Fiquei feliz com o que me conta acerca da infidelidade, especialmente porque tenho conseguido ter uma reputação notável e consistente desde que sou novo. Realmente a minha família sempre me educou para a excelência.

Mas a razão desta missiva, não é apenas o meu fiel agradecimento. É porque se têm passado comigo algumas mudanças bastante perturbadoras. Serei breve, porque não me desejo alongar em questões tão embaraçosas. Agradeço-lhe toda a descrição que estes assuntos merecem.

Sempre tive o estilo de vida que escolhi para mim: divertimento máximo, responsabilidade mínima. As minhas infidelidades têm sido bem sucedidas, quer a nível familiar como profissional. A minha natural falta de realização fez-me procurar noutros sítios o que a minha família e trabalho aborrecido não me ofereciam.
Fui feroz na alocação do meu espaço mental, quer em direcção, quer em proporção: muito tempo para novas experiências, pouco tempo para a minha família. Muito esforço em coisas passageiras, pouco esforço em coisas que permanecem. Muita entrega ao que gostava de fazer, pouca entrega ao que devia fazer.

E claro que foram óptimos tempos. Muitas experiências novas, e muitos amigos novos. Mas sentia um buraco dentro de mim cada vez maior. Estranhamente, dia após dia, mês após mês, apesar de me encher de experiências novas, a minha insatisfação continuava a crescer.

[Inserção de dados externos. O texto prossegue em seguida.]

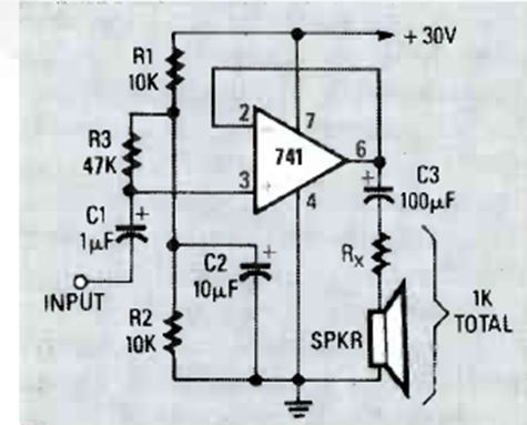 Este circuito de unas pocas decenas de miliwatts de potencia requiere una fuente simple. Lo encontramos en una Radio Electrónica de marzo de 1990.
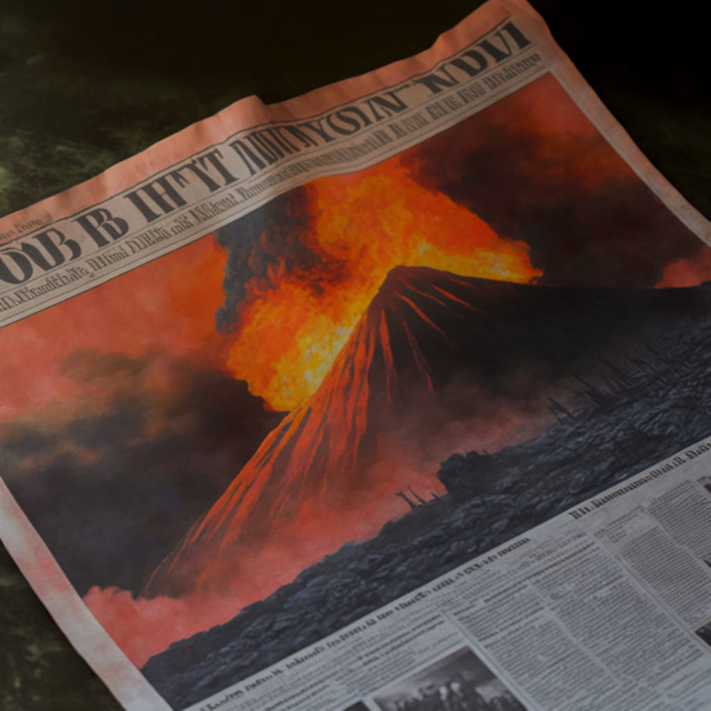 Midjourney: A newspaper printed in the fires of Mount Doom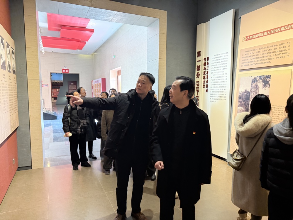 为巩固拓展学习贯彻习近平新时代中国特色社会主义思想主题教育成果,进一步提升党员党性修养,增强基层党组织的凝聚力与战斗力,2025年11月19日,人文学院党总支书记周景斌与外国语学院党总支书记赵卫军联合组织两院教工党支部全体党员,赴阳新县湘鄂赣边区鄂东南革命烈士陵园及学校扶贫驻地木港镇子山村,开展了一场深刻的主题教育实践活动。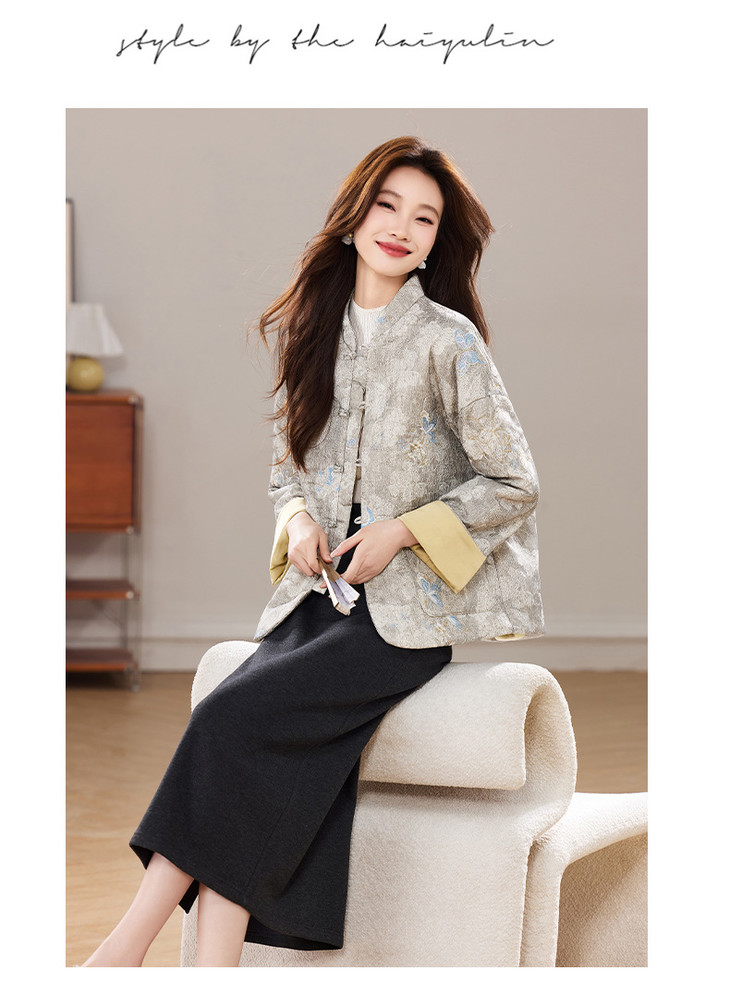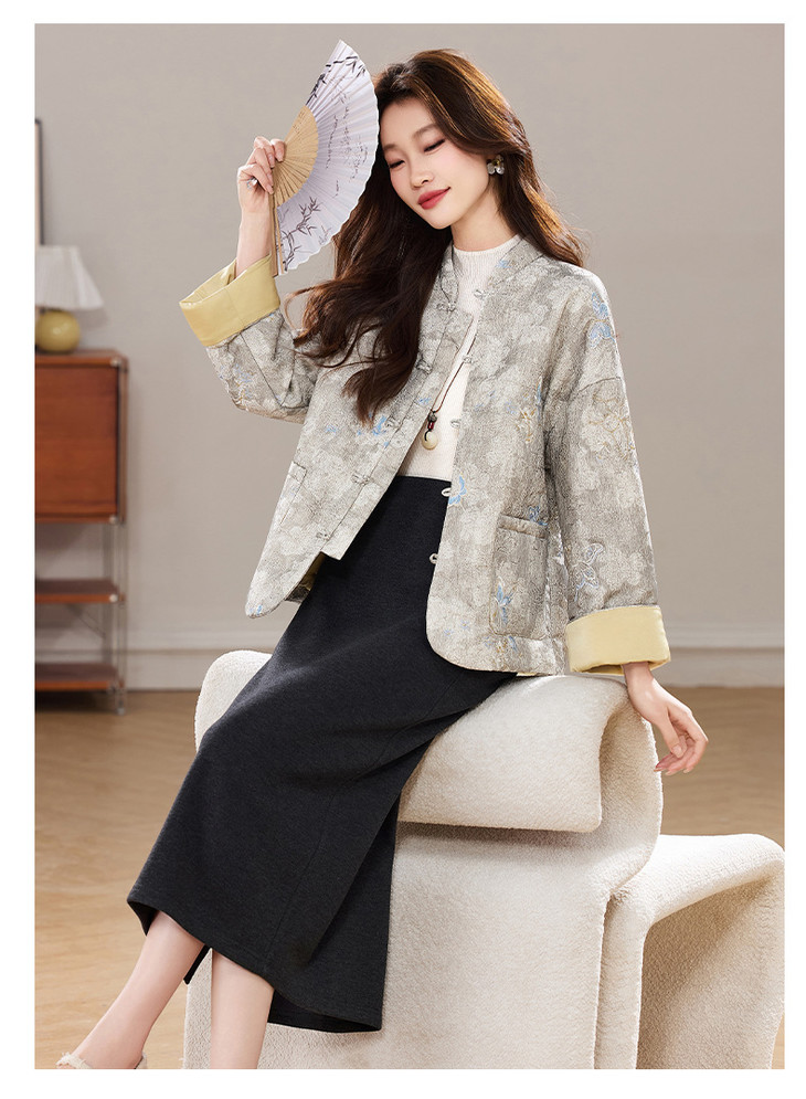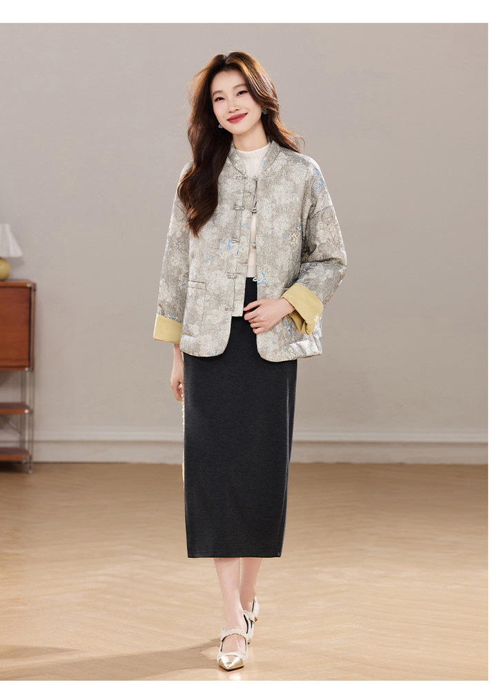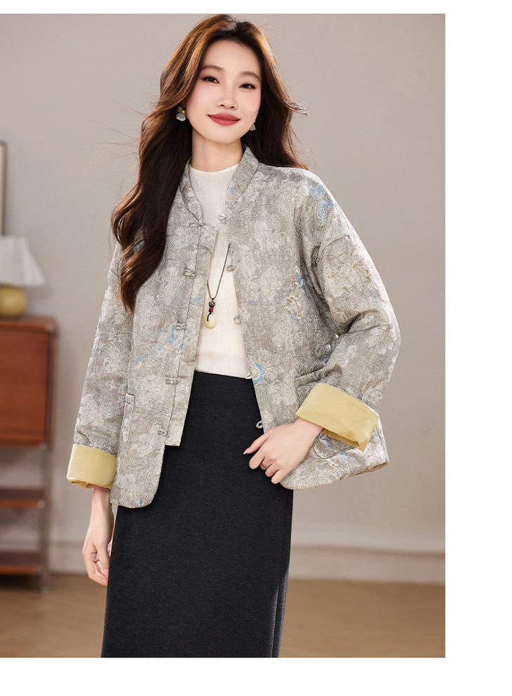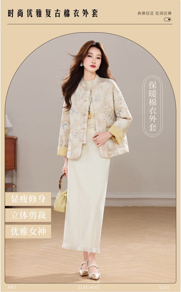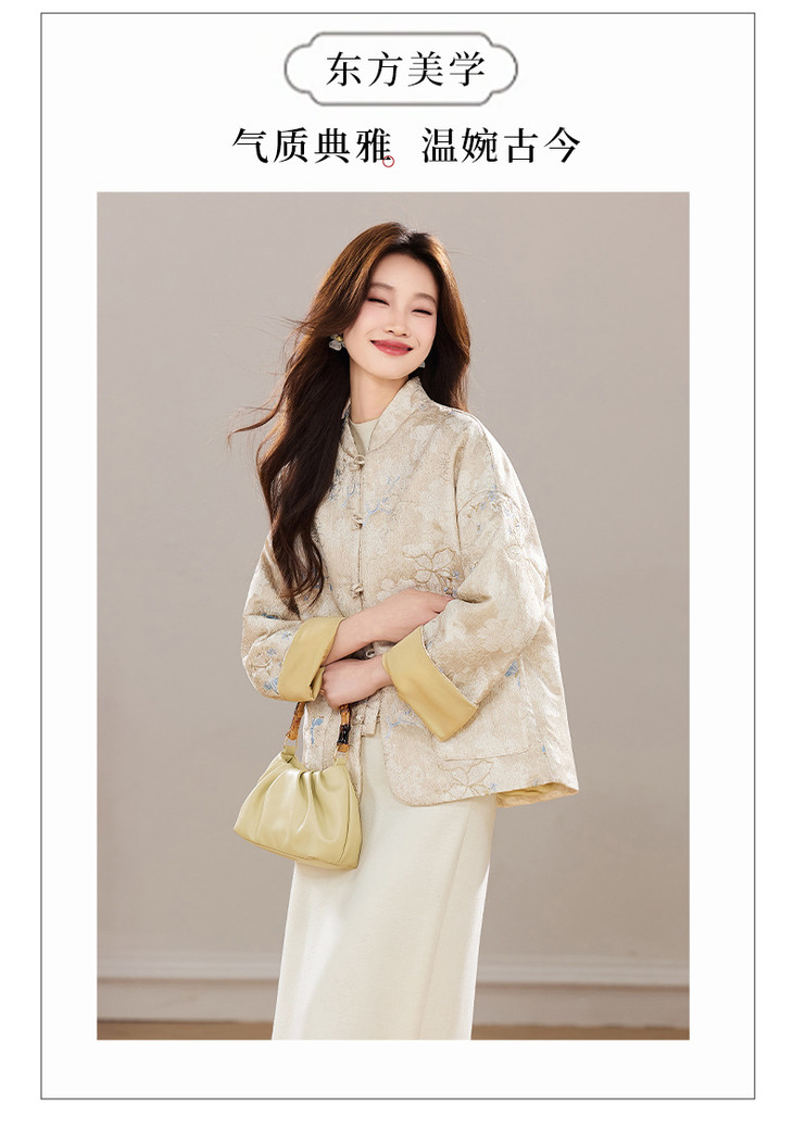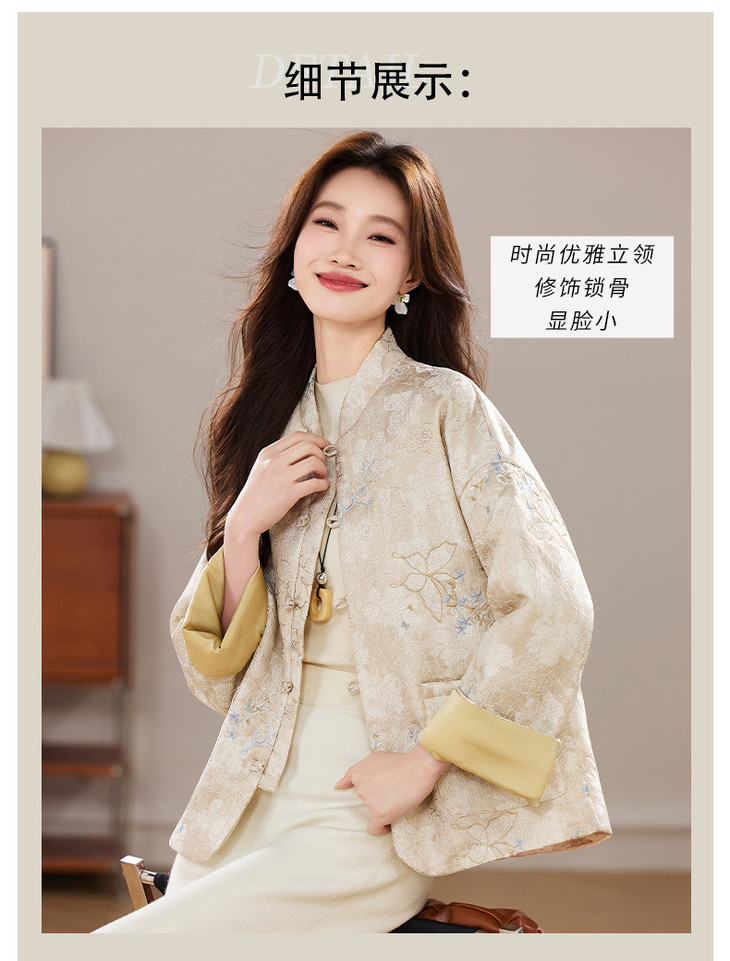 新款洋气加厚新中式气质优雅盘扣款刺绣棉衣上衣外套633

E aconteceu que baixei a guarda. Da enorme disciplina que tinha em fazer o que me apetecia, experimentei fazer uma vez o que realmente queria. E a sensação foi boa. Fui passear com amigos de longa data. Desse passeio multiplicaram-se as conversas e programas engraçados.
Dei por mim rodeado daqueles amigos francamente honestos, bons e comprometidos. Malta que achava aborrecida. Mas que até se sabia divertir. A minha namorada foi estranhamente paciente e respeitadora comigo.

Por estar rodeado desta gente invulgar, dei por mim a estar mais atento ao que se passava dentro de mim. Sentia uma verdade dentro do meu coração, à qual me sentia chamado a responder: ser fiel aos meus compromissos, ser genuíno no trabalho, respeitar as pessoas com quem vivo, entregar-me ao que a vida me dá.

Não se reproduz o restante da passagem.